◆ **AVAILABLE RECORDS**:
-------

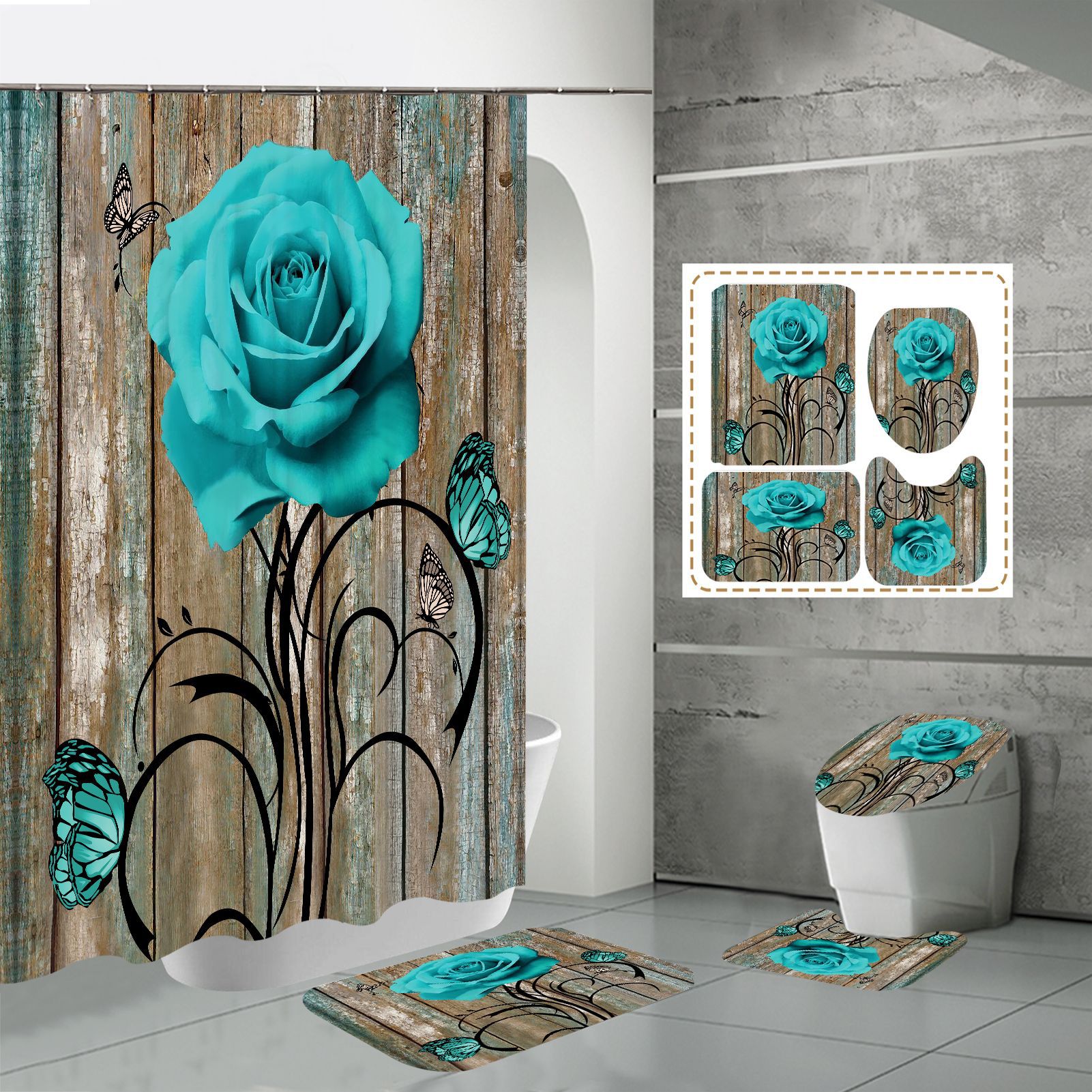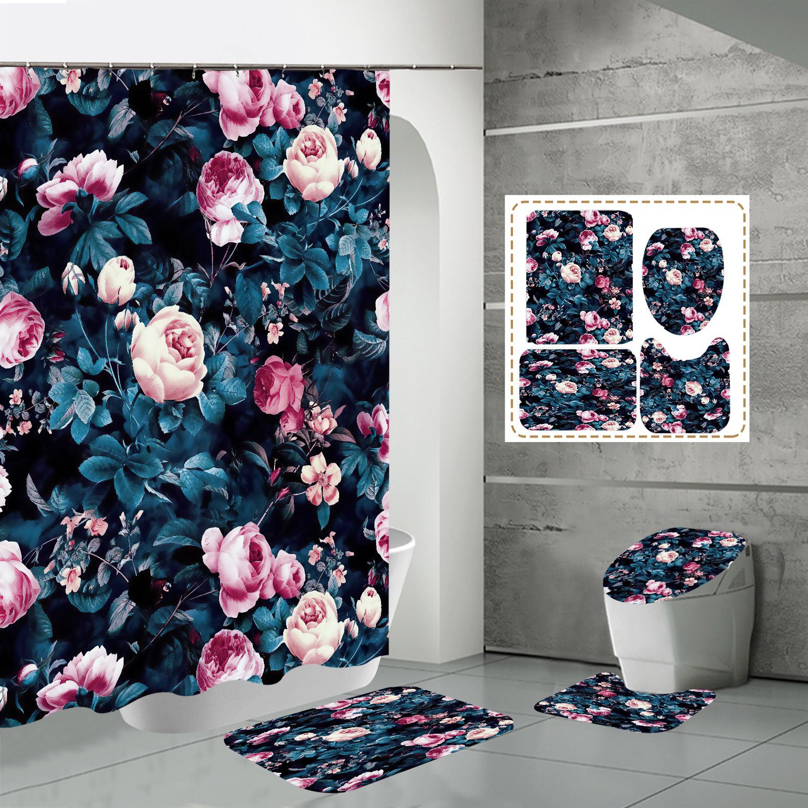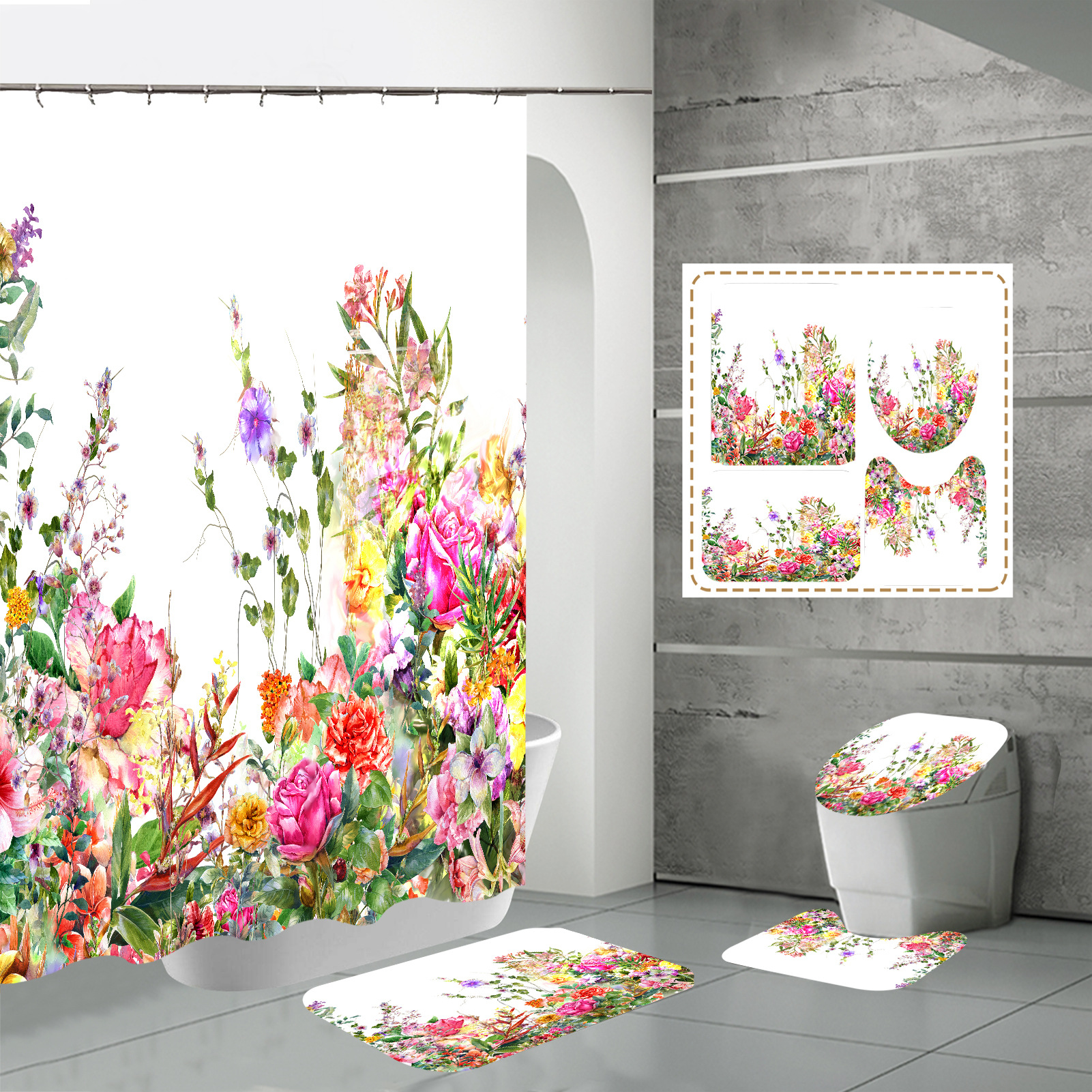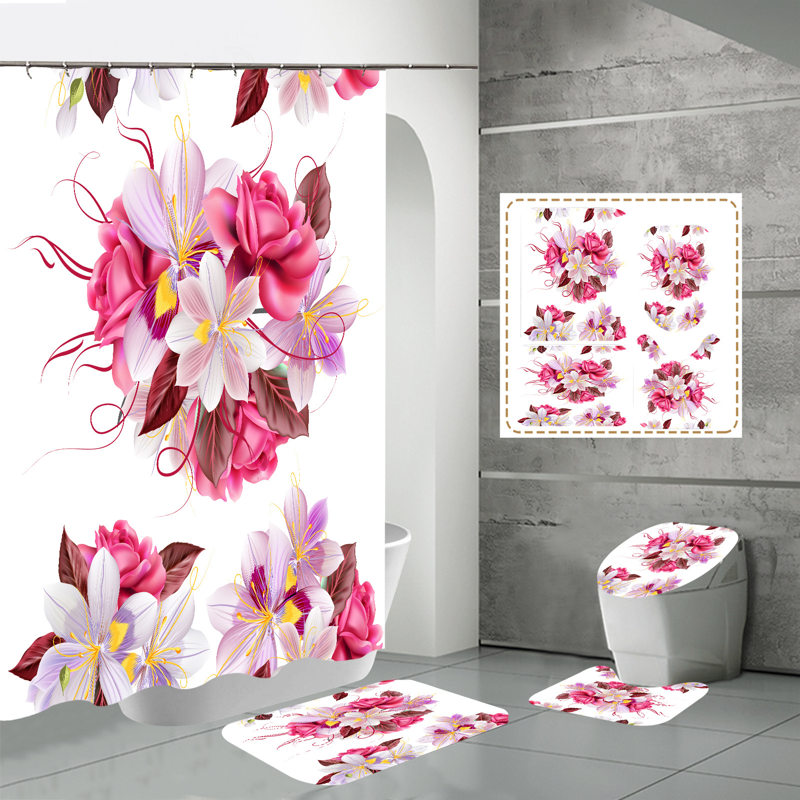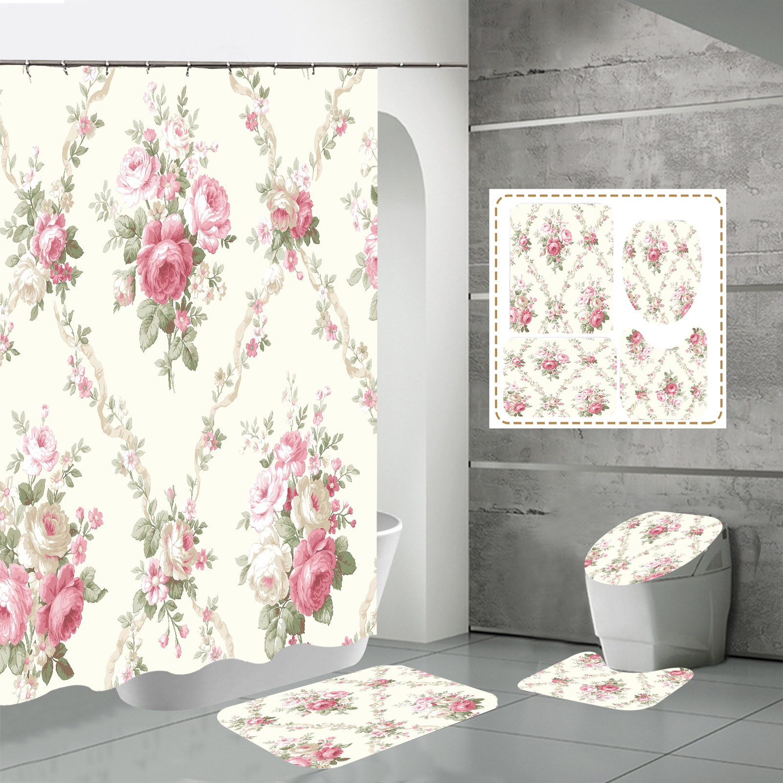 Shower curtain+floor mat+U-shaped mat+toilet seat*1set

-------

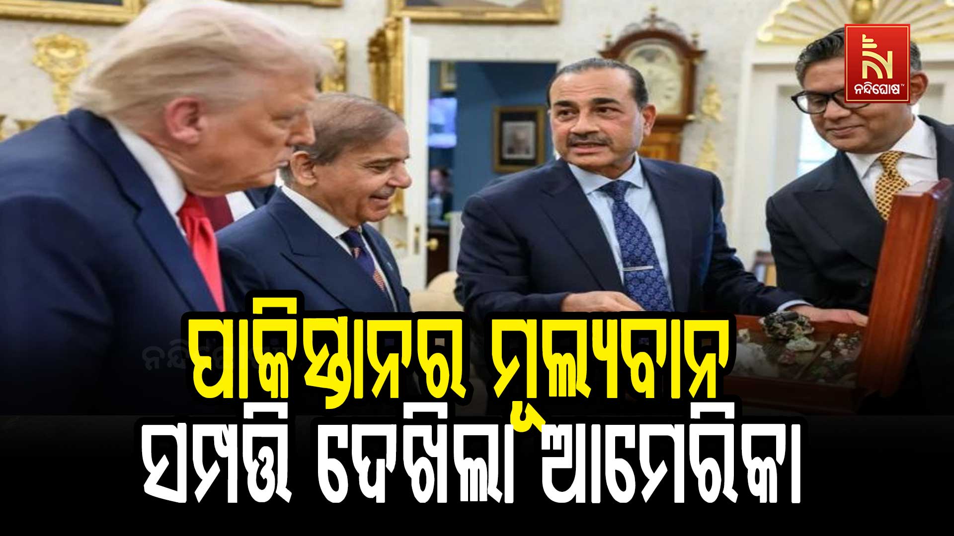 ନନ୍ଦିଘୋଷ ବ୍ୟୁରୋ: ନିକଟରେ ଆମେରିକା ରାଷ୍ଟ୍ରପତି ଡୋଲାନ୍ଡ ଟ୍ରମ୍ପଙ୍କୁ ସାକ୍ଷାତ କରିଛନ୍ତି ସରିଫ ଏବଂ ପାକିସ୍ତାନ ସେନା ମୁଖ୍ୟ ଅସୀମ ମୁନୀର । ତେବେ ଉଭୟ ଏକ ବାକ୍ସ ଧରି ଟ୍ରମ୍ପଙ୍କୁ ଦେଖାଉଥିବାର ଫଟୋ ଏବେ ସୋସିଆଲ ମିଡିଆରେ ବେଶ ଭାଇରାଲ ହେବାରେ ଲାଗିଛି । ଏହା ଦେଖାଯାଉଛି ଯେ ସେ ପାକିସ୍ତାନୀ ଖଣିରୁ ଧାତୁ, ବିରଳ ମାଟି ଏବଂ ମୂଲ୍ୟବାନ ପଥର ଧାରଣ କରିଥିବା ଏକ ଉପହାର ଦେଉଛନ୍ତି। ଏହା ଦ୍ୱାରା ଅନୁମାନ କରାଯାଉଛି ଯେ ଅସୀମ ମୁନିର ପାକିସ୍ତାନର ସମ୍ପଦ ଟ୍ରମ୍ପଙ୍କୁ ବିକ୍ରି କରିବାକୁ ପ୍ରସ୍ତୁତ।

-------

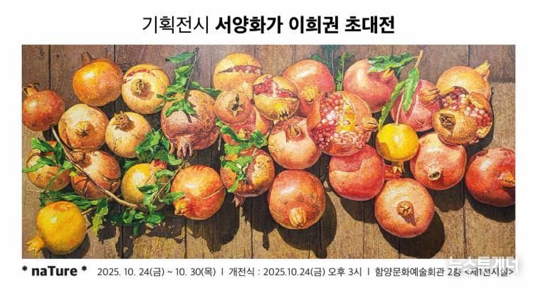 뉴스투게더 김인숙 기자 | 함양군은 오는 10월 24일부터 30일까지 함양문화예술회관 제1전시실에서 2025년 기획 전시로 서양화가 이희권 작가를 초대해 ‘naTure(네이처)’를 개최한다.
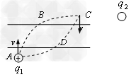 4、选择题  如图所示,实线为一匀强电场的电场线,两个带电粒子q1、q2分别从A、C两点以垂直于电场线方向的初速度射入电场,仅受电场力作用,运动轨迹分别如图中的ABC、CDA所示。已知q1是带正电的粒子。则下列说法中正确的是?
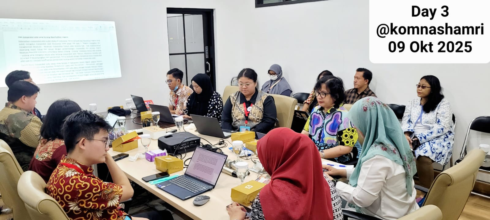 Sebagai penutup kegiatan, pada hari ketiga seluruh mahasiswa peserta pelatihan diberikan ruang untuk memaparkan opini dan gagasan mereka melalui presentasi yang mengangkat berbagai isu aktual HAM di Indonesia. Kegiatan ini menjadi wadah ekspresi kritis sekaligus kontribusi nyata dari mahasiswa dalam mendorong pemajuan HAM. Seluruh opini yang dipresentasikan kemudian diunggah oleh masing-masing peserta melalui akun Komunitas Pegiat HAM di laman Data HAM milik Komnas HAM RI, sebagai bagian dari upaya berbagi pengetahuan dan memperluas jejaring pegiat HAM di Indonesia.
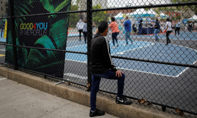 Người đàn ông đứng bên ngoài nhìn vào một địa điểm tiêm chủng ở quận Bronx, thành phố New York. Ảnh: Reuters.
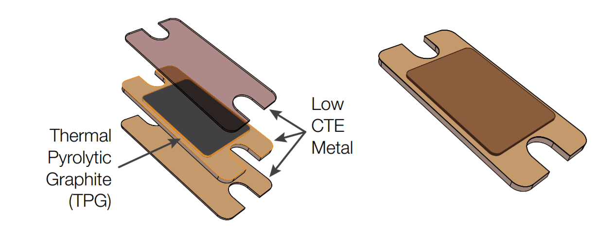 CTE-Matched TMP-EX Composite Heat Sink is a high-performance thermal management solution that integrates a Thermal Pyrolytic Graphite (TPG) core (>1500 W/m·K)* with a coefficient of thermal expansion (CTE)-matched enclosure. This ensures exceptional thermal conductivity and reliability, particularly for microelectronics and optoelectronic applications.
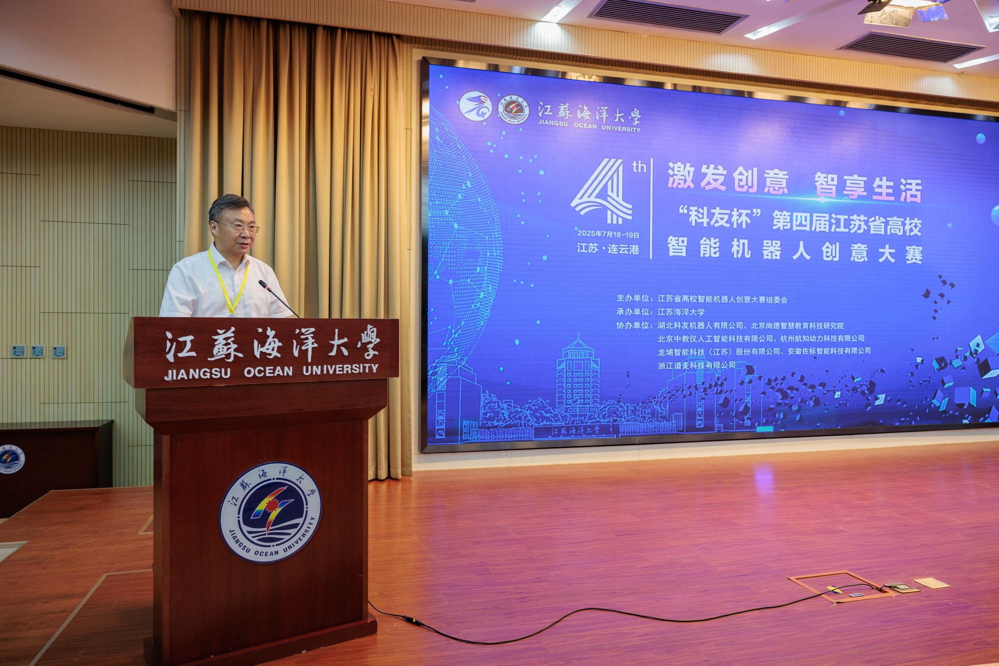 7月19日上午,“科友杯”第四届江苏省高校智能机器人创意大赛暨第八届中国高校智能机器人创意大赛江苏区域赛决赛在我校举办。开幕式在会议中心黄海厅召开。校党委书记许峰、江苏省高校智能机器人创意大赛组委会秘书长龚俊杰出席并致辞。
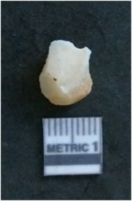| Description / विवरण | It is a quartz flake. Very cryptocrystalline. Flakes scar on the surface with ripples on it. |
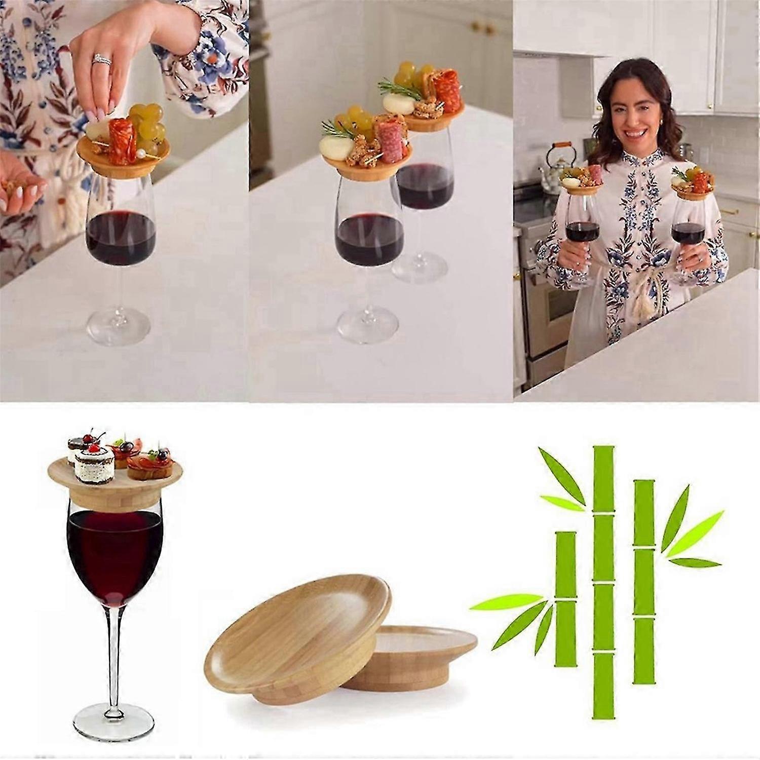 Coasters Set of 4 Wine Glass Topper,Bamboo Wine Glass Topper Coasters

-------

For this exercise, return exactly the lines above from the line with "뉴스투게더 김인숙 기자" through the line with "4、选择题  如图所示,实线", both included. Do not copy the pictures.

◆ **ANSWER SPACE**:
 뉴스투게더 김인숙 기자 | 함양군은 오는 10월 24일부터 30일까지 함양문화예술회관 제1전시실에서 2025년 기획 전시로 서양화가 이희권 작가를 초대해 ‘naTure(네이처)’를 개최한다.
 4、选择题  如图所示,实线为一匀强电场的电场线,两个带电粒子q1、q2分别从A、C两点以垂直于电场线方向的初速度射入电场,仅受电场力作用,运动轨迹分别如图中的ABC、CDA所示。已知q1是带正电的粒子。则下列说法中正确的是?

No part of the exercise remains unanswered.